*Work request*
Copied exactly and without pictures, the lines from the beginning of the entries through the one that holds "半飞秒手术需要两台设备协作:先用飞秒激光" should form the entire reply.
******************************
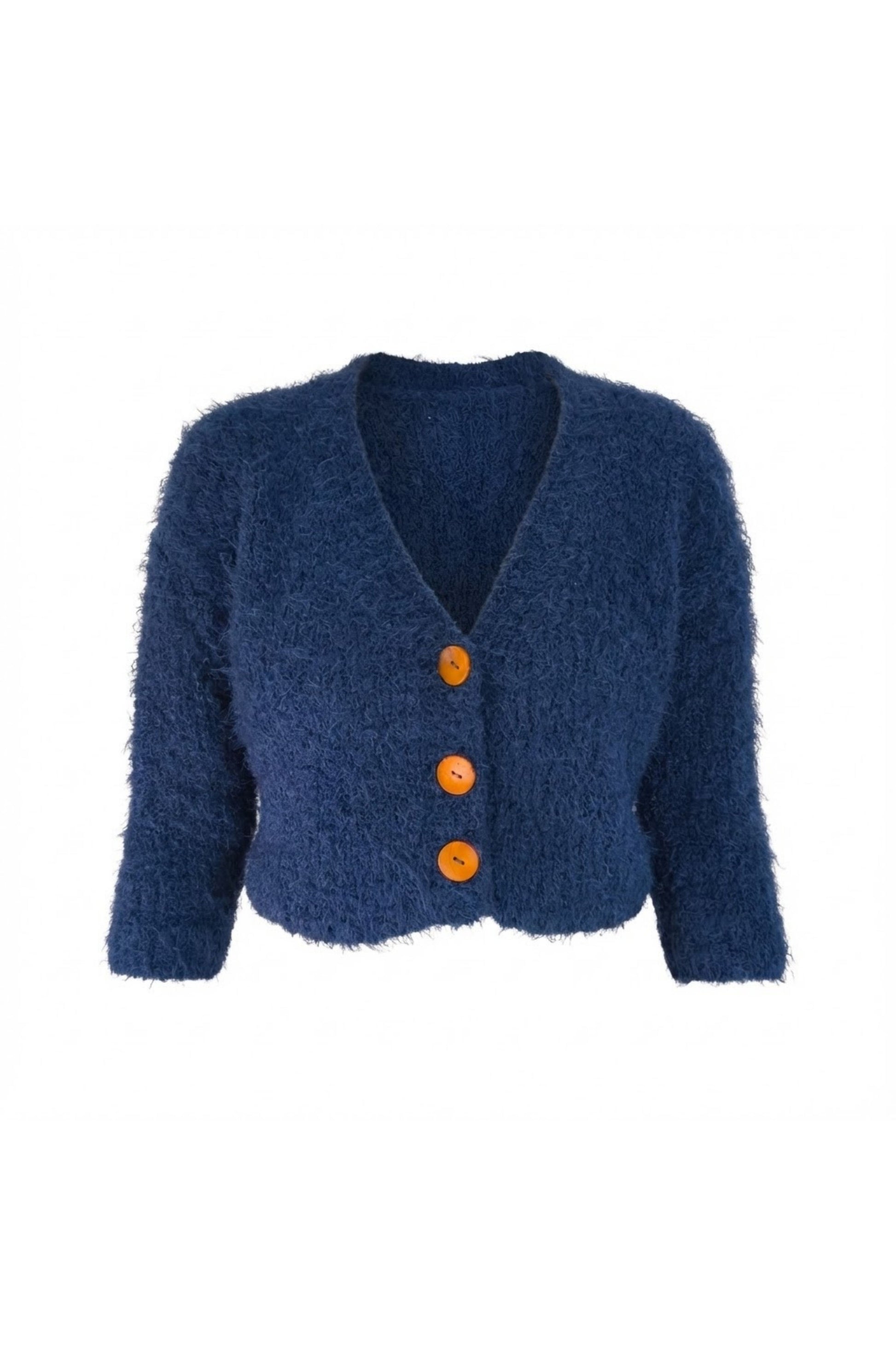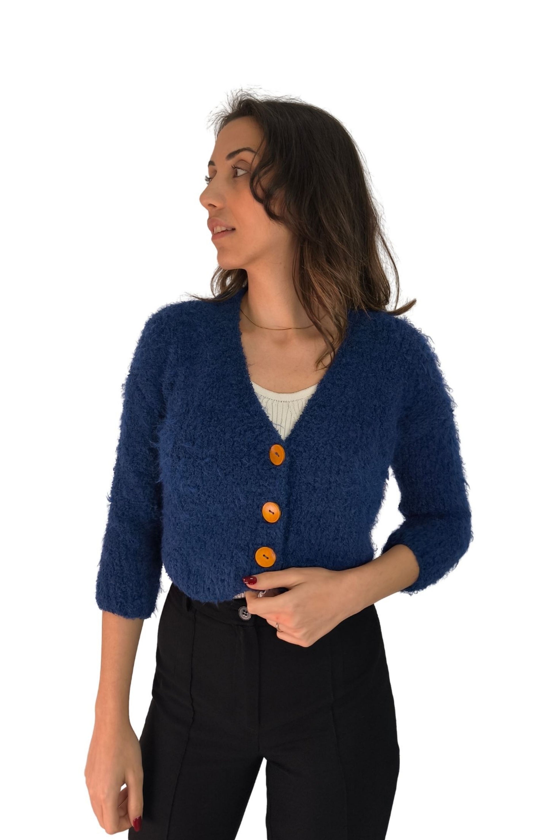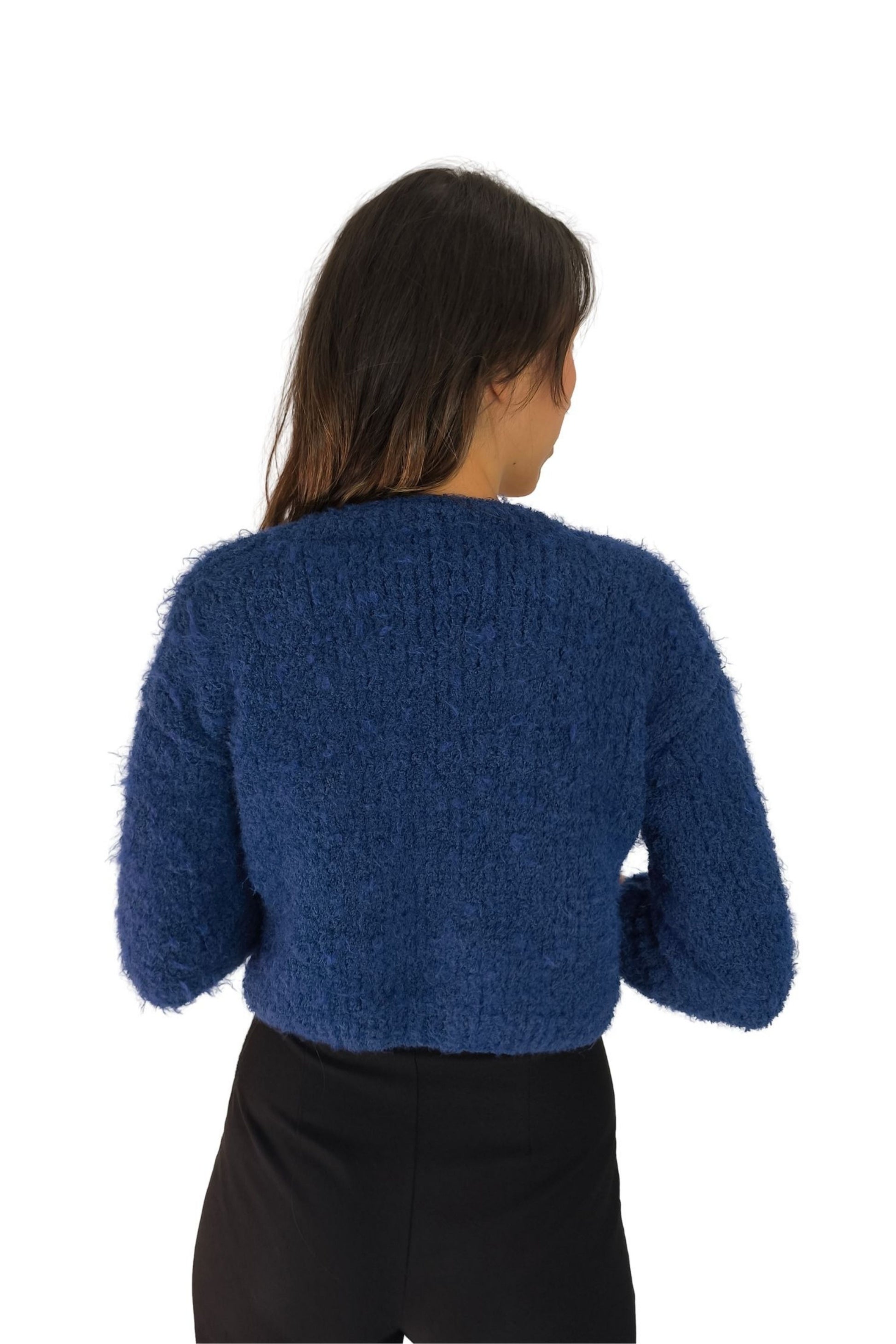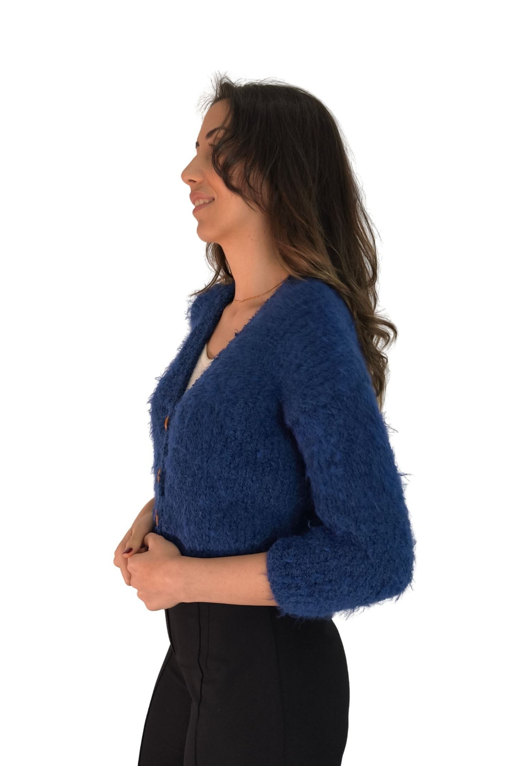 Lacivert Tüylü Crop Triko Hırka – Düğmeli Tasarım
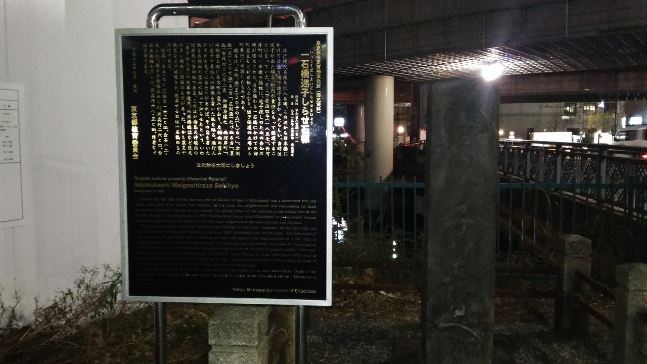 安政年間設置された迷子探しの告知石碑です。石碑の上の方にくぼんだ部分があり、ここに探す側の者、情報を持つ者が紙を貼って情報交換していたそうです。いまはあまり人通りは多くないですが、当時は往来が多かったので此処に設置されたようで、湯島天神さんの方にも同様のものがあるそうです。
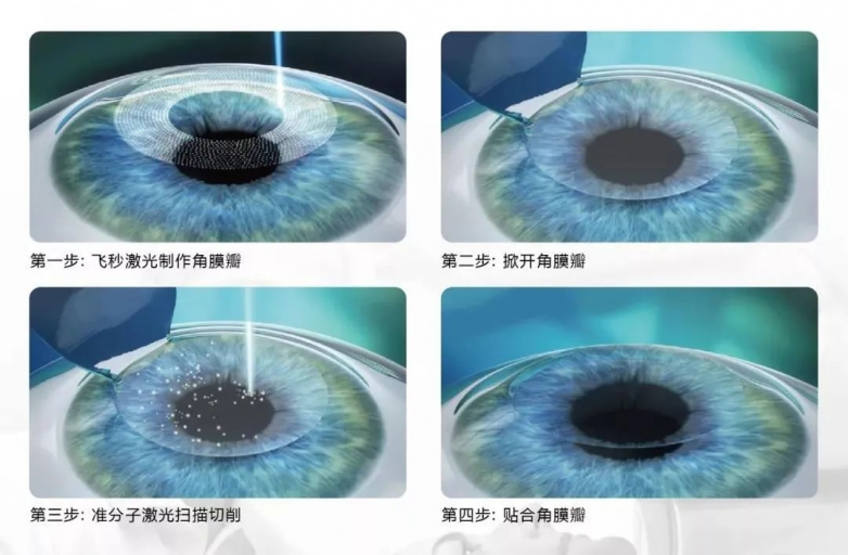 半飞秒手术需要两台设备协作:先用飞秒激光制作一个约20毫米的角膜瓣,掀开角膜瓣后,再用准分子激光进行角膜基质切削,最后将角膜瓣复位。这种术式矫正范围广(可矫正近视、远视、散光),视觉质量优异,且保留了角膜上皮层,术后疼痛感轻、视力恢复迅速。因为存在角膜瓣,术后需注意避免眼部受到外力撞击,以防发生瓣移位等风险。
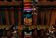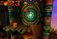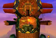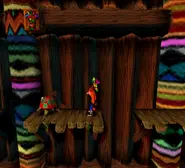 El nivel es completamente de desplazamiento lateral y lleva a Crash por varias plataformas elevadas de madera mientras escala una gigantesca puerta de madera. Crash deberá ascender varios pisos de la puerta para llegar al punto final. Para llegar a las zonas más altas del nivel, deberá usar una combinación de cajas de rebote de hierro y plataformas especiales de madera que deberá girar para acceder a ellas. La puerta también está llena de una amplia gama de trampas y enemigos. Algunos de estos incluyen pilares con pinchos que perforarán a cualquier enemigo desprevenido que sea descuidado y plataformas especiales que expulsan llamas. También hay numerosos enemigos custodiando los caminos, especialmente los nativos escudo. Además, Crash se encontrará con un extraño terreno de una superficie verde resbaladiza, que le hará resbalar de la plataforma si permanece allí demasiado tiempo.
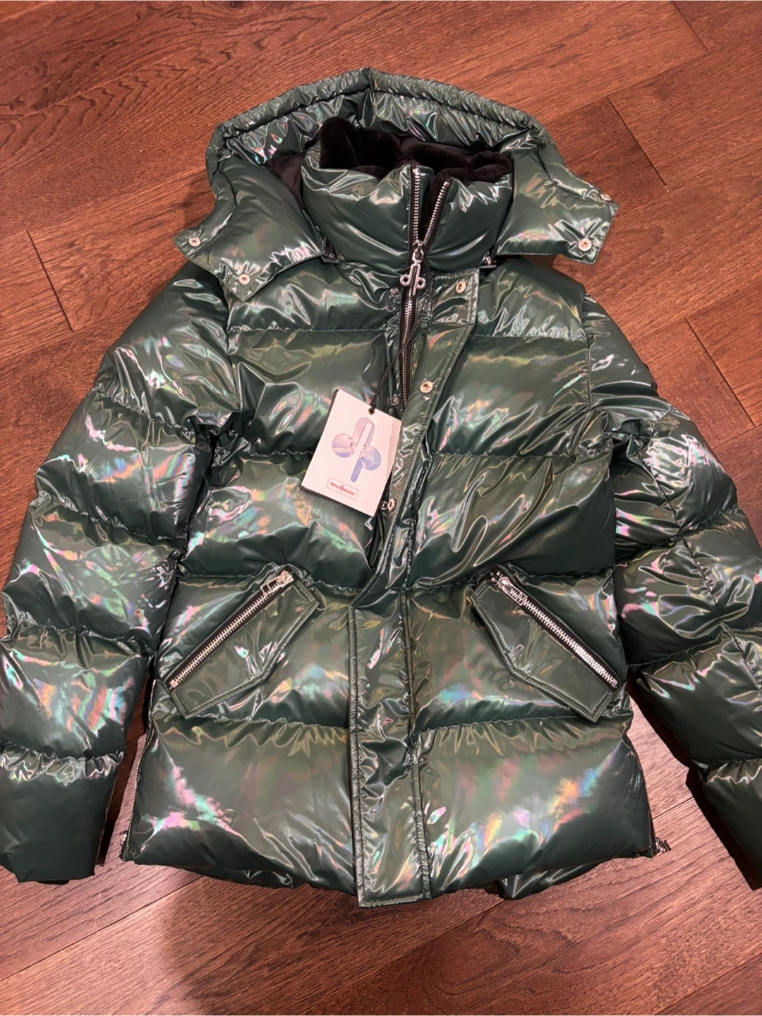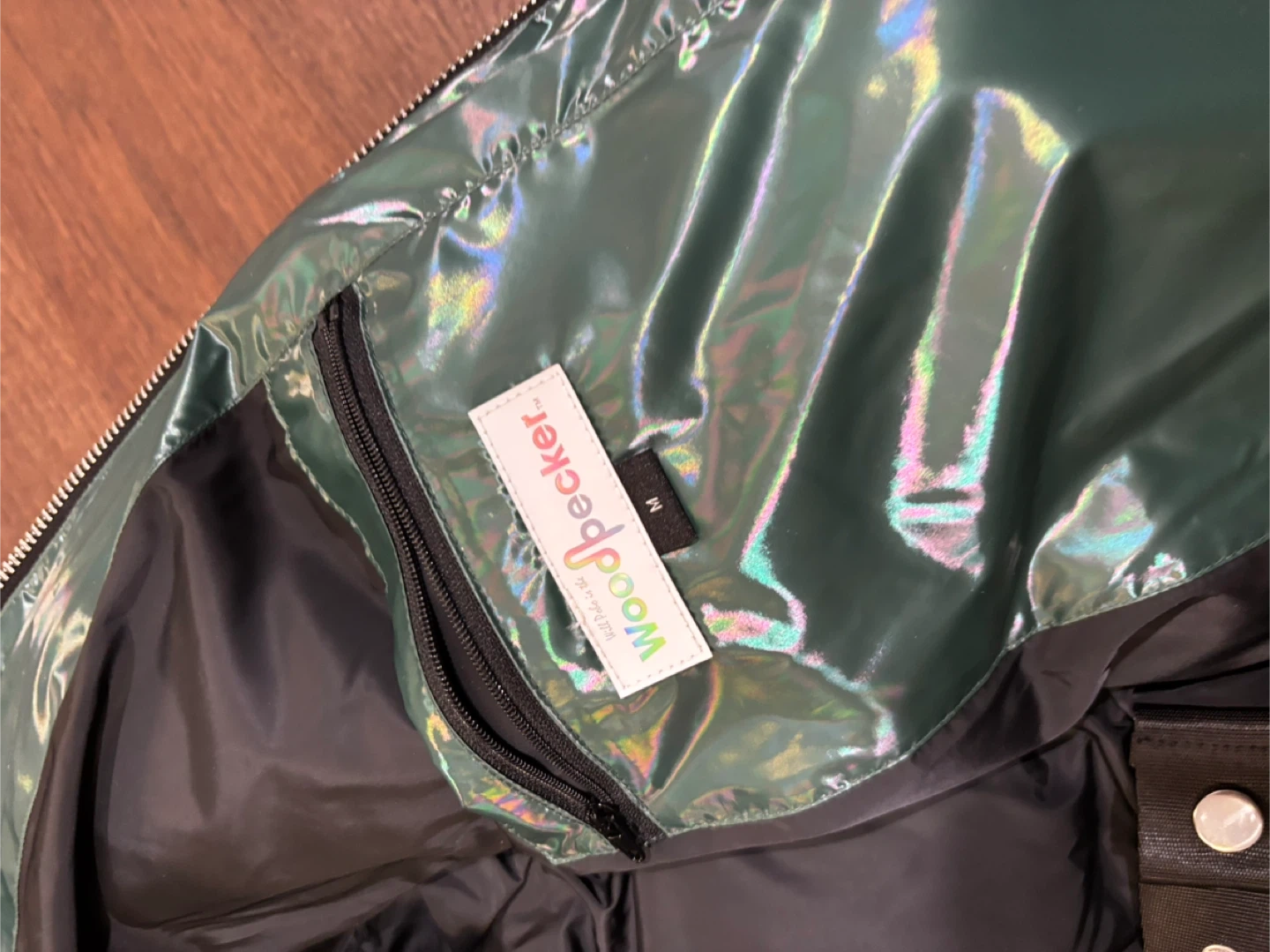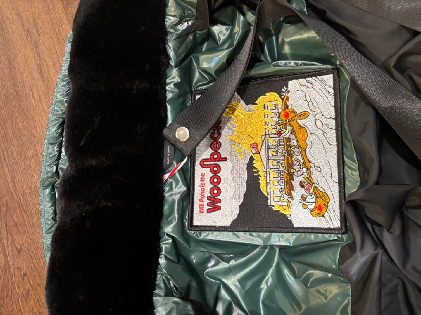 Brand new Shiny green Woodpecker puffer jacket with a faux fur-lined hood. Size M. It features zippered pockets and a distinctive woodpecker patch.
******************************
*Solution for this exercise*
 Lacivert Tüylü Crop Triko Hırka – Düğmeli Tasarım
 安政年間設置された迷子探しの告知石碑です。石碑の上の方にくぼんだ部分があり、ここに探す側の者、情報を持つ者が紙を貼って情報交換していたそうです。いまはあまり人通りは多くないですが、当時は往来が多かったので此処に設置されたようで、湯島天神さんの方にも同様のものがあるそうです。
 半飞秒手术需要两台设备协作:先用飞秒激光制作一个约20毫米的角膜瓣,掀开角膜瓣后,再用准分子激光进行角膜基质切削,最后将角膜瓣复位。这种术式矫正范围广(可矫正近视、远视、散光),视觉质量优异,且保留了角膜上皮层,术后疼痛感轻、视力恢复迅速。因为存在角膜瓣,术后需注意避免眼部受到外力撞击,以防发生瓣移位等风险。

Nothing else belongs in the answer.